This Twitter-capade reveals further details about Big Tech’s function as an arm of U.S. “national security” and “intelligence” agencies. Decades ago, these agencies started going rogue on the formerly inalienable constitutional rights of American citizens, with tacit acquiescence from Congress through repeat authorizations and increased funding. These agencies and the entities they’ve colonized now treat the American people like occupied foreign territory, subject to psychological manipulation and institutional infiltration in a manner reminiscent of the Chinese Communist Party.
In fact, this whole affair emits more than merely a whiff of totalitarian collectivism, both communist and fascist.
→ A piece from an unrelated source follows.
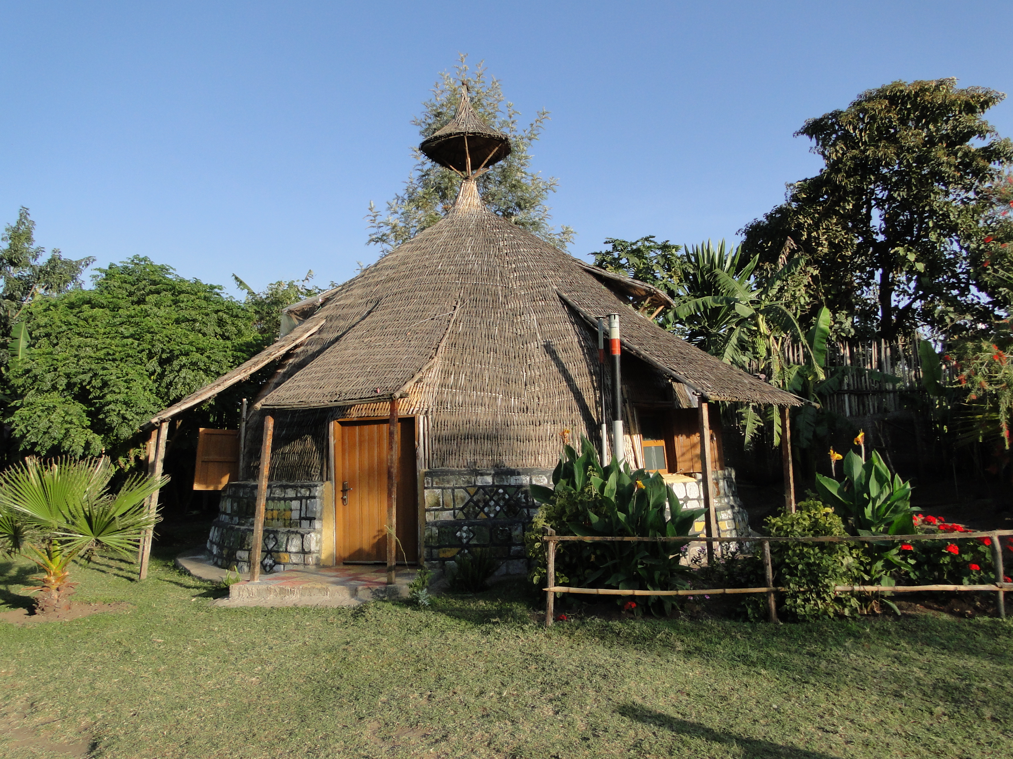 We are staying in a lodge run by a French Rasta family, who left Paris a few years ago to settle in rural Ethiopia. Our room is in a traditional Godjo, a circular house made mainly of straw and bamboo sticks. The place is simple but authentic, on the outskirts of the town. Shashemene itself is a small but lively local trade centre, where Rastafarians are still a minority. Many objects and pictures around the lodge remind us of Haile Selassie’s cult. There are photographs and painted portraits of him and his wife, Empress Menem, as well as various representations of the lion of Judah, the symbol he adopted for his reign. Marcus Garvey, their prophet, also features on the walls. Everything else is decorated with the three colours, Red, Yellow and Green representing Africa’s freedom and independence. Rastafarians also question the fact that Selassie is resting in the church of the Holy Trinity in Addis Ababa, but believe instead that as a godly figure he could not be buried.

For one thing, the Twitter Files details about the revolving door between U.S. intelligence agency employees and Twitter — and surely also Google and Facebook — recall that Germany’s infamous National Socialists embedded party operatives on “private” company boards. So does today’s Chinese Communist Party.
One must also consider the possibility, if not absolute likelihood, that many of these “former” U.S. military and intelligence agents working at Twitter and Co. are not actually former, but covert government agents. I hear the practice is called “sheep dipping.” Former Twitter Deputy General Counsel Jim Baker certainly fits that description. So does Vijaya Gadde.
Over the weekend, while we both dealt with obstacles to new searches, it was @BariWeiss who discovered that the person in charge of releasing the files was someone named Jim. When she called to ask “Jim’s” last name, the answer came back: “Jim Baker.”
It’s also noteworthy that a number of these types, including Baker and big fat lying former CIA Director John Brennan, seem to be laundered through CNN and MSNBC stints as “security analysts.” I.e. to use TV to spread regime-desired disinformation, such as to help quash the Hunter Biden laptop story in 2020.
"…multiple episodes suggesting that Twitter had been penetrated by foreign intelligence agencies and/or was complicit in threats to democratic governance" pic.twitter.com/6Nm4ds0rtk
So, twitter employees were working with the FBI and foreign intelligence. And the higher ups were warned and were totally cool with it to the point they fired the whistle blower to silence the story. Just amazing. https://t.co/FxUsK8wajF
This use of spycraft against American citizens seems to be an increasingly recurring and increasingly visible aspect of our post-2016 dystopia. Recall that it appears to have been a feature of the Jan. 6, 2021 “insurrection,” the 2020 Michigan tyrant “kidnapping” false flag operation, the Spygate operation, the attempted FBI entrapment of Sen. Ron Johnson, and many more.
While the vast majority of Americans don’t use Twitter, it has a massive, outsized influence on every American’s everyday life. We saw that in real-time with the consent spiral manufactured, possibly by national security agencies, to impose unprecedented lockdowns in 2020.
Twitter has a fraction of the users of every other major online network, yet it controls the political conversation because of who uses it and how they use it. It’s helpful, even if not literally true, to think of Twitter as an influence operation targeted at Congress, the executive agencies, the corporate media that control the ruling Democrat Party, and other members of the ruling class. That’s who its users overwhelmingly are, especially the most active.
Twitter is where people go to link up to the woke hive mind. That’s why it’s poison to everyone, but especially Republican officeholders.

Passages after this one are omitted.